District Court of Appeal of Florida, Fourth District.
*1249 Mitchell Cohen, Hallandale Beach, for Appellant.
Charles J. Crist, Jr., Attorney General, Tallahassee, Lori R. Shapiro and Jeffrey P. Bassett, Assistant Attorneys General, Fort Lauderdale, for Appellee.
PER CURIAM.
We deny rehearing but withdraw our prior opinion and substitute the following in its place.
P.G., a minor child, appeals the trial court's order dismissing a Petition for Adjudication of Dependency filed on his behalf by private counsel. We affirm the dismissal, but on different grounds.
P.G. is a citizen of El Salvador. He entered the United States illegally in June 2001. The Immigration and Naturalization Service apprehended him, but subsequently released him into the custody of his uncle who lives in North Lauderdale, Florida. P.G. has been residing with his uncle since that time.

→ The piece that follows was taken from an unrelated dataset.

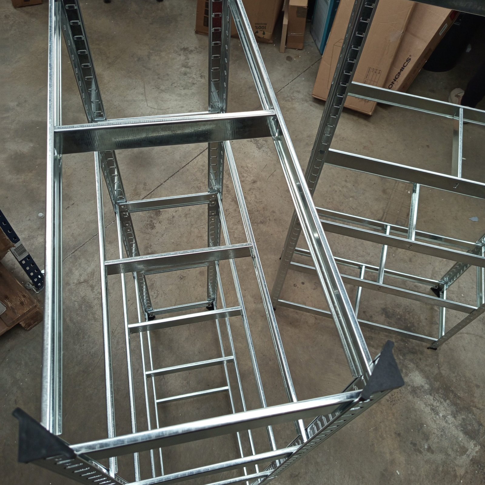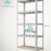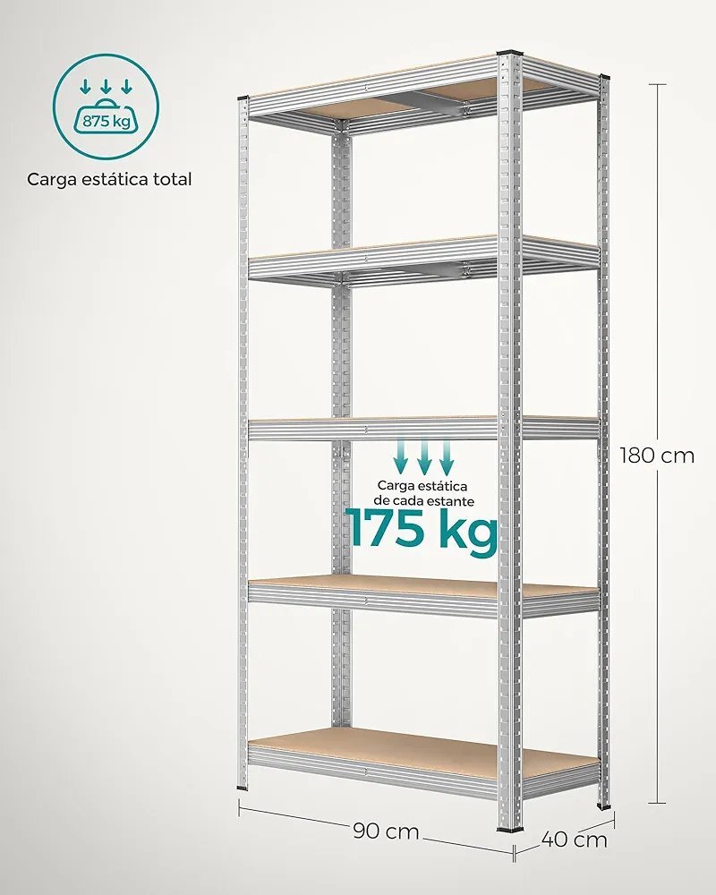 La estantería pesada está hecha de un marco de acero, y cada estante puede soportar hasta 175 kg. El dispositivo de fijación incluido puede fijar la estantería a la pared, haciéndola más estable y segura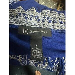 New INC International Concepts Blue Metallic Off Shoulder Boho Top Shirt Sz PS

In January 2003, counsel representing P.G. filed a private Petition for Dependency seeking to have P.G. declared dependent.[1] As the basis for the Petition, counsel alleged that P.G. was neglected and abandoned by his parents. At the time of the Petition, P.G. was bound over in immigration removal proceedings. The trial court determined that P.G. was not dependent within the meaning of Chapter 39, Florida Statutes, was not eligible for long term foster care, and was not eligible for special juvenile immigration status. The trial court dismissed the Petition on these grounds.

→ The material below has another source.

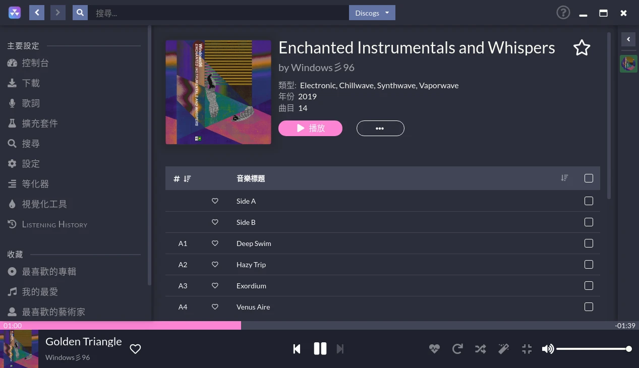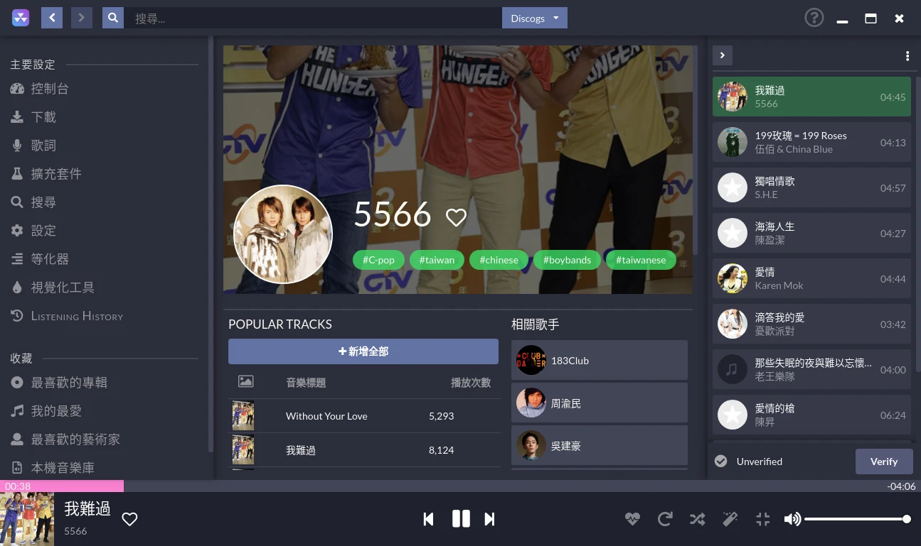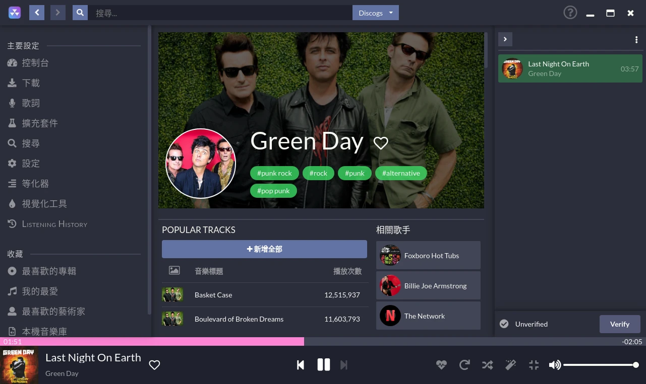 因為Nuclear Music Player使用discodogs搜尋,對英文歌支援較好,比較容易找到完整的的作品集。比如我搜尋Green Day,就會有熱門歌曲和歷年專輯列表。

Appellee, the Department of Children and Family Services, contends that the dismissal was appropriate because the trial court lacked jurisdiction over the matter. We agree. Since P.G. is bound over in immigration removal proceedings, under § 1101 of the Immigration and Nationality Act, the Attorney General must consent to the trial court's jurisdiction over the dependency proceeding. 8 U.S.C. § 1101(a)(27)(J)(iii) states in relevant part:
(iii) in whose case the Attorney General expressly consents to the dependency order serving as a precondition to the grant of special immigrant juvenile status; except that
(I) no juvenile court has jurisdiction to determine the custody status or placement of an alien in the actual or constructive custody of the Attorney General unless the Attorney General specifically consents to such jurisdiction...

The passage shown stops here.